Exercise requirements
Reproduce verbatim all of the data given below, but do not carry over the images.

Information shown
____

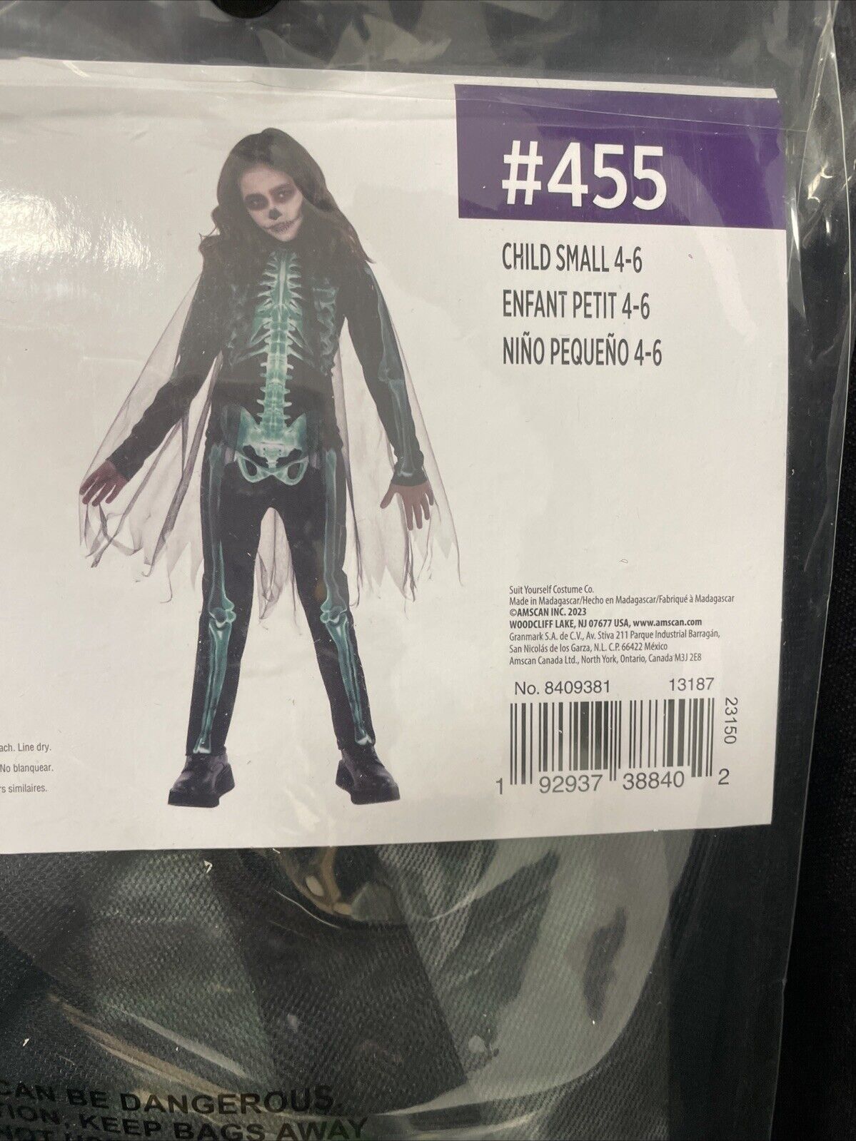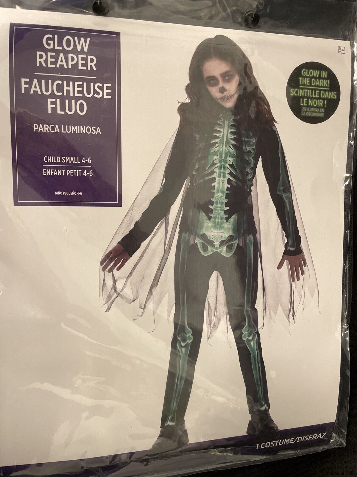 Glow Reaper Grim Skeleton Girl Suit Yourself Fancy Dress Halloween Size S 4-6
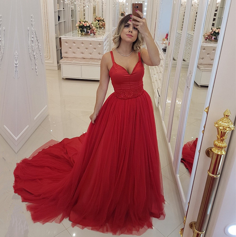 Red Prom Dresses 2019 Beaded Puffy Tulle Sweetheart Neckline Long
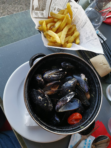Je m'en veux de ne pas avoir pris plus de temps pour regarder le menu avant d'avoir réservé ici. Je me suis dit naïvement que, comme pour une crêperie, un restaurant de moules serait meilleur marché que les autres. Mais non, j'ai encore plus le sentiment de m'être fait volé ! Quels pigeons nous avons été. Le soir, un seul menu à 29€. Mais pour quoi? Nous avons pris en entrée les crevettes (6 crevettes et 3 ou 4 feuilles de salade), en plat principal, des moules avec un mini panier de frites (je doute fortement que les frites ne soient pas surgelées). Mes moules étaient celles vendues hors menus à 20€ ('maison') : elles étaient correctes mais simplement avec de la crème et 4 tomates cerises ! Le dessert, nous avons pris celui avec quelques morceaux de meringue sèche, une boule de glace passion et du coulis de fruit rouge industriel ou l'autre avec une (!) profiterole. Hors menu, les moules sont en moyenne dans les 18€ et les desserts 8€, soit 26€ !!! Le verre de vin blanc, 5€, était bon. Bref, pas mauvais, mais, à 4 avec 2 enfants qui ne prennent plus de menus enfants : 126€! Du délire. Je veux bien mettre ce prix là mais pas pour ce repas, même pas au bord de l'eau. Le service était long (même en arrivant à 19h30) mais plutôt sympathique. Dernier point, je ne dis pas que les autres restaurants du port, voir de Cavalaire, ne sont pas dans la même optique et ne prennent pas aussi les touristes pour des vaches à lait. Quelle erreur de nous être décidés si rapidement et sans avoir plus fait le tour des cartes ! Étonné aussi que les gens soient contents du rapport...
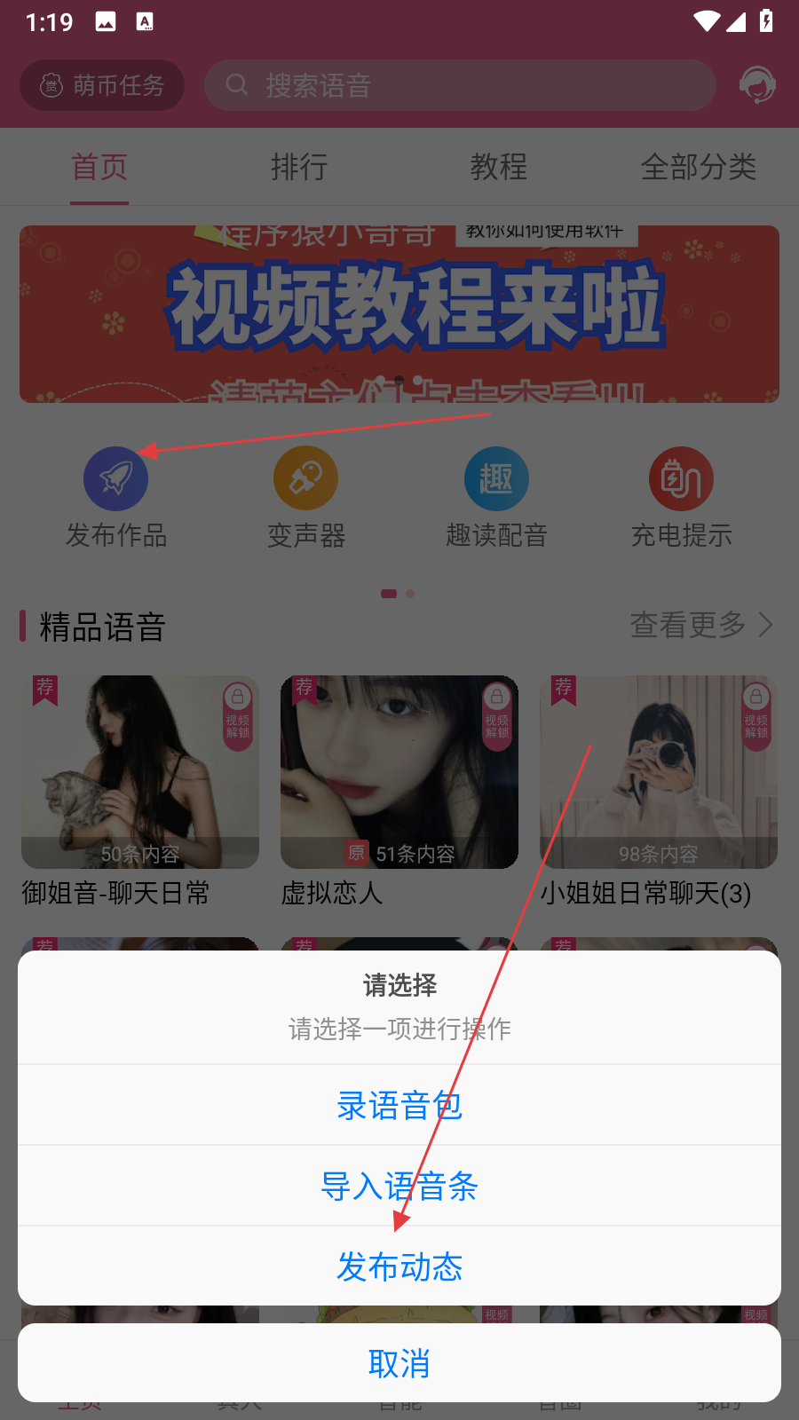 1、打開萌配音應(yīng)用,點(diǎn)擊發(fā)布作品按鈕,點(diǎn)擊錄語音包選項(xiàng)。

____

Your response
 Glow Reaper Grim Skeleton Girl Suit Yourself Fancy Dress Halloween Size S 4-6
 Red Prom Dresses 2019 Beaded Puffy Tulle Sweetheart Neckline Long
Je m'en veux de ne pas avoir pris plus de temps pour regarder le menu avant d'avoir réservé ici. Je me suis dit naïvement que, comme pour une crêperie, un restaurant de moules serait meilleur marché que les autres. Mais non, j'ai encore plus le sentiment de m'être fait volé ! Quels pigeons nous avons été. Le soir, un seul menu à 29€. Mais pour quoi? Nous avons pris en entrée les crevettes (6 crevettes et 3 ou 4 feuilles de salade), en plat principal, des moules avec un mini panier de frites (je doute fortement que les frites ne soient pas surgelées). Mes moules étaient celles vendues hors menus à 20€ ('maison') : elles étaient correctes mais simplement avec de la crème et 4 tomates cerises ! Le dessert, nous avons pris celui avec quelques morceaux de meringue sèche, une boule de glace passion et du coulis de fruit rouge industriel ou l'autre avec une (!) profiterole. Hors menu, les moules sont en moyenne dans les 18€ et les desserts 8€, soit 26€ !!! Le verre de vin blanc, 5€, était bon. Bref, pas mauvais, mais, à 4 avec 2 enfants qui ne prennent plus de menus enfants : 126€! Du délire. Je veux bien mettre ce prix là mais pas pour ce repas, même pas au bord de l'eau. Le service était long (même en arrivant à 19h30) mais plutôt sympathique. Dernier point, je ne dis pas que les autres restaurants du port, voir de Cavalaire, ne sont pas dans la même optique et ne prennent pas aussi les touristes pour des vaches à lait. Quelle erreur de nous être décidés si rapidement et sans avoir plus fait le tour des cartes ! Étonné aussi que les gens soient contents du rapport...
 1、打開萌配音應(yīng)用,點(diǎn)擊發(fā)布作品按鈕,點(diǎn)擊錄語音包選項(xiàng)。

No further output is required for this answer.